# Functional imaging of time on task and the involvement of dopaminergic and cholinergic substrates in cognitive effort and reward

**Authors:** Chiara Orsini, Julia E. Bosch, Karin Labek, Roberto Viviani

PMC · DOI: 10.1038/s41598-026-37370-9 · Scientific Reports · 2026-02-09

## TL;DR

This study explores how the brain manages increasing cognitive effort over time and how rewards influence this process, highlighting the role of specific brain regions.

## Contribution

The study identifies the basal forebrain as a key region involved in sustaining cognitive effort modulated by reward levels.

## Key findings

- Activity related to time on task peaks in the anterior cingulate cortex and involves motor and somatosensory regions.
- The ventral striatum reflects reward levels but not effort-reward trade-offs.
- The basal forebrain shows increased activity with time on task and is sensitive to reward levels.

## Abstract

Neuroimaging studies have identified the neural substrates associated with sustained cognitive efforts and control and their modulation by rewards. Different lines of evidence implicate the prefrontal cortex (especially the anterior cingulate cortex, ACC), dopaminergic, and cholinergic substrates in this modulation.

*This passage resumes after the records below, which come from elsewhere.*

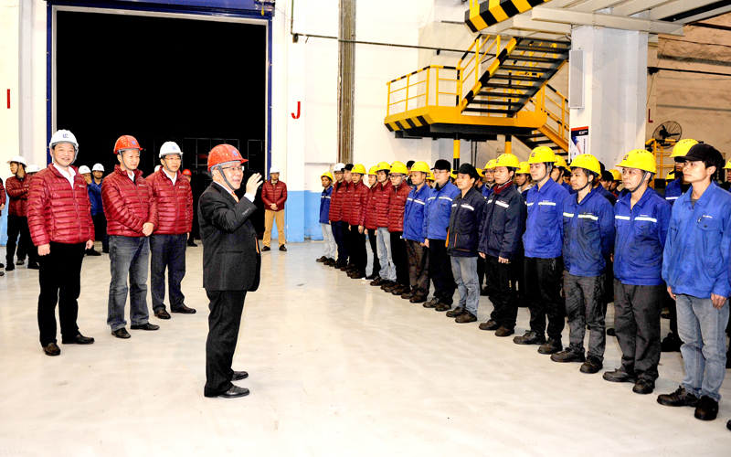 在剛下線的CLG8128H大型裝載機(jī)一側(cè),曾光安與列隊(duì)?wèi)c祝勝利的裝配線員工一一握手,他感謝大家為勝利奪取“1899戰(zhàn)役”付出的辛勤工作。曾光安在講話中高度贊揚(yáng)柳工人是英勇頑強(qiáng)、堅(jiān)不可摧的鋼鐵戰(zhàn)士。他說,“1899戰(zhàn)役”只是個(gè)熱身,2018年我們會(huì)迎來更大的挑戰(zhàn)。他對(duì)裝載機(jī)公司全體員工提出了五個(gè)方面的要求:一是打好新年開門紅的新戰(zhàn)役,為2018年挑戰(zhàn)更高產(chǎn)量目標(biāo)做好充分的準(zhǔn)備。二是努力提升工作效率和降生產(chǎn)運(yùn)營(yíng)管理成本。他說,裝載機(jī)的盈利水平還有很大空間,成本控制是公司的重要工作之一。三是抓好產(chǎn)品質(zhì)量這根主線,2018年我們的產(chǎn)品質(zhì)量在現(xiàn)有基礎(chǔ)上要有更大的改善和提升。四是嚴(yán)把產(chǎn)品交貨期。要吸取2017年因進(jìn)口件及供方配套件不及時(shí)帶來的訂單流失的教訓(xùn),在保證產(chǎn)品質(zhì)量的同時(shí),嚴(yán)格按客戶指定的時(shí)間交貨,真正體現(xiàn)柳工是一家高質(zhì)量、高水平、高誠(chéng)信的制造企業(yè)。五是努力打造一支懂管理、懂技術(shù)的年輕管理者人才隊(duì)伍,同時(shí)要重點(diǎn)培養(yǎng)生產(chǎn)一線員工中的大師級(jí)人才隊(duì)伍,讓年輕的新生力量成為有想法、有闖勁、勇?lián)?dāng)?shù)募夹g(shù)型工人隊(duì)伍。
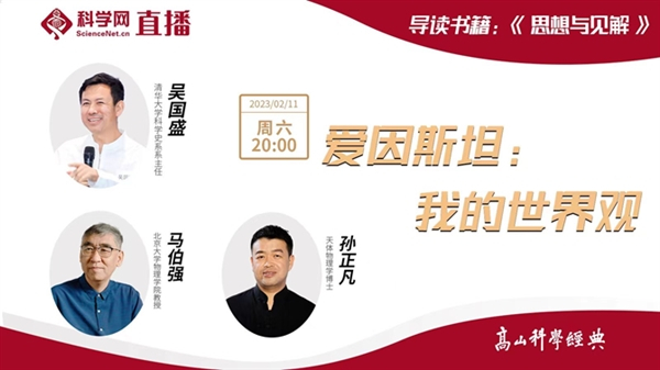 2023年2月11日,本周六晚八点,清华大学科学史系系主任、清华大学科学博物馆馆长吴国盛;北京大学物理学院教授马伯强;科普作家、天体物理学博士孙正凡,一起阅读《思想与见解》,认识真实的爱因斯坦,与其伟大的灵魂进行深度对话。
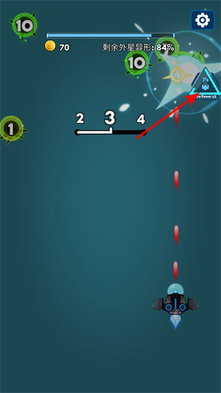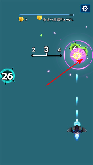 3、攻擊外星異形,瞄準(zhǔn)帶有數(shù)字標(biāo)識(shí)的外星異形如數(shù)字6的異形,降低其剩余比例,完成戰(zhàn)斗任務(wù),獲取獎(jiǎng)勵(lì)。
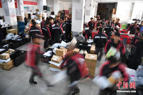 资料图:11月13日,昆明一物流配送网点的工作人员分拣快递。中新社记者 刘冉阳 摄

We studied here the activity of these substrates at increasing time on task (requiring increasing levels of cognitive effort) in trials within blocks with differing reward levels. In the cortex, while peaking in the ACC, activity associated with time on task was extensive, also including activity decrements outside the default mode network, primarily involving motor and somatosensory regions. Information about reward levels was carried in the ventral striatum, consistent with its motivational role, but did not reflect trade-offs with increasing efforts during time on task. Instead, the ventral tegmental area and parts of the basal forebrain (BF) corresponding to the cholinergic Ch4 nuclei increased in activity with time on task and were sensitive to reward levels. This BF activity is consistent with a cholinergic role in driving compensatory efforts modulated by reward levels. These findings identify the BF as a neuroimaging phenotype associated with sustaining task sets and cognitive efforts.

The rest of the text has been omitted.